Once all the dependencies are installed, pSSAlib can be configured and built. The pSSAlib build system is based on GNU Automake (at least version 2.63) and has been tested on several Linux distributions and MacOS X. Typically, these are the commands that need to be executed on the console:

~/pssalib-2.0.0 $ ./configure
~/pssalib-2.0.0 $ make

On some setups like OSX, paths for libSBML cannot be determined automatically. For instance, the default installation path for libSBML library and include files are /usr/local/lib and /usr/local/include respectively, which sometimes is NOT on the compiler search path. In this case, please use the respective ./configure options: --with-libsbml-libdir and --with-libsbml-include to specify libSBML library and include paths respectively.
Example:
~/pssalib-2.0.0 $ ./configure --with-libsbml-libdir=<path/to/library/files> --with-libsbml-include=<path/to/include/files>

Optionally, pSSAlib can be installed system wide with:

~/pssalib-2.0.0 $ make install
Now the path to the libSBML shared library has to be provided to the runtime environment before running the software. One can alleviate this requirement by linking pSSAlib to libSBML statically via the --with-libsbml-static option to ./configure. The respective dependencies to libSBML have to be provided in the SBML_LDFLAGS environment variable.

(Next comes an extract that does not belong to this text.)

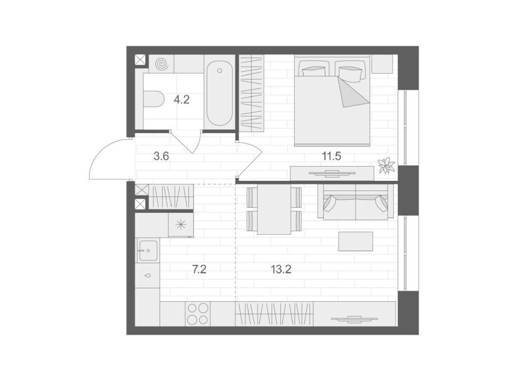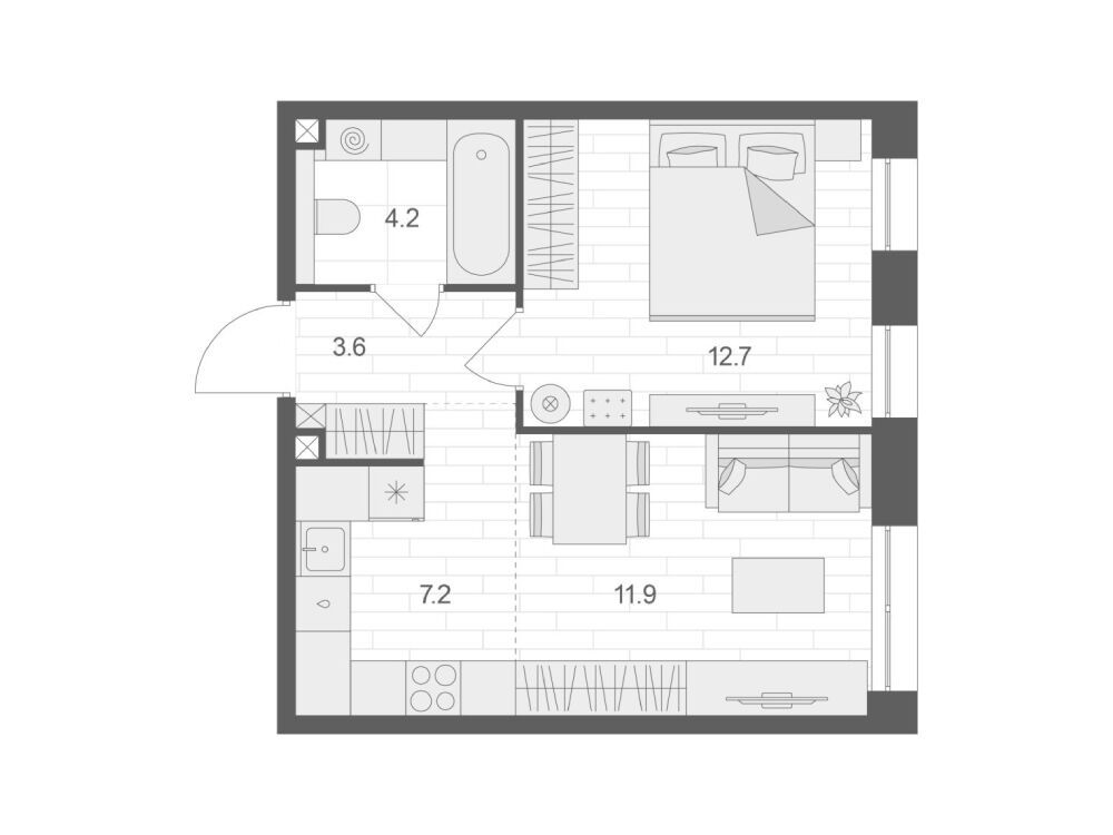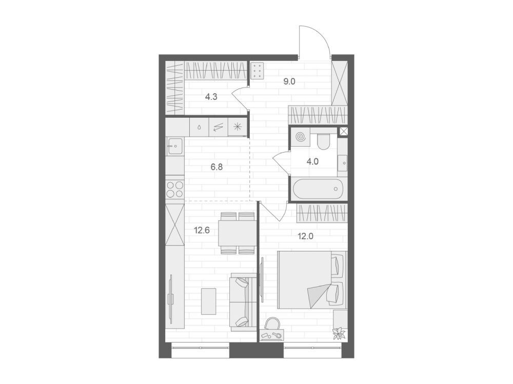 1-комнатная квартира, 48.60 м², 2 из 12 эт.

After building the binaries, the build system installs the static and dynamic libraries under the respective library path. In addition, the Command Line Interface (CLI) binaries (the simulator and the analyzer) are placed under binaries path. Examples and test binaries are not included in the installation process.

Features and interfaces

Overview

pSSAlib provides 4 SSAs, each of them supports reactions with temporal delays as well as spatiotemporal simulations:

pSSAlib features can be accessed by either (i) direct calls from C++ code using the library’s Application Programming Interface (API) or (ii) using the Command Line Interface (CLI). The model can either be loaded from an annotated SBML file or defined dynamically and passed to the library through the API. Parameters, including diffusion constants, reaction rates, and time delays are defined as annotations in the SBML model. Annotations can be either done manually in a text editor or assisted by the pSSAlib plug-in for the SBMLToolbox.

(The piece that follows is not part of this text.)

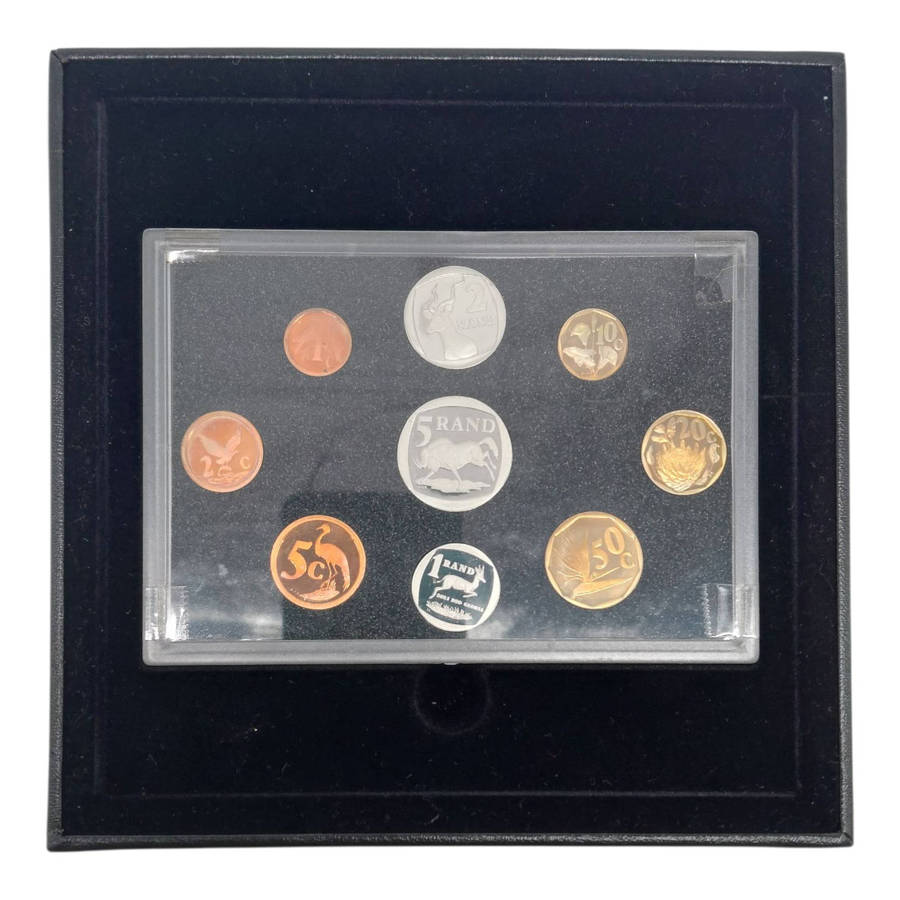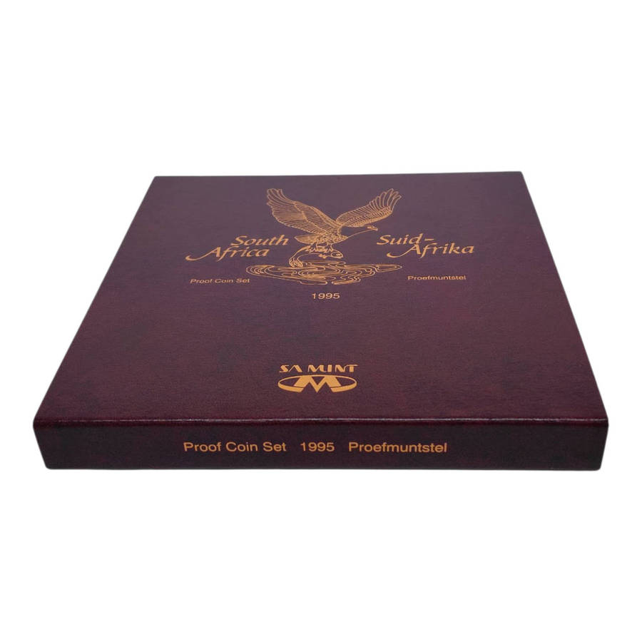 The 1995 South African Proof Coin Set, issued by the South African Mint, includes the full range of circulation denominations in premium proof quality. Each coin is struck with frosted devices and mirror-like fields, showcasing the Mints precision and craftsmanship.).

pSSAlib simulations can be performed in parallel using the Message Passing Interface (MPI) library for inter-processor communication on compute clusters. Parallel simulations sample individual trajectories on different processors. To enable this feature please use the option --with-mpi for the ./configure script. MPI parallelism is implemented both for the command-line interface as well as the C++ library.

Each process starts an independent pseudo-random number generator, initialized with the seed:

seed = truncated_to_64bit[sha1 (time * process id * rank)]

Hence, uncorrelated sampling across all processes can not be guaranteed in general. This requires a proper parallel random-number generator, like SPRNG.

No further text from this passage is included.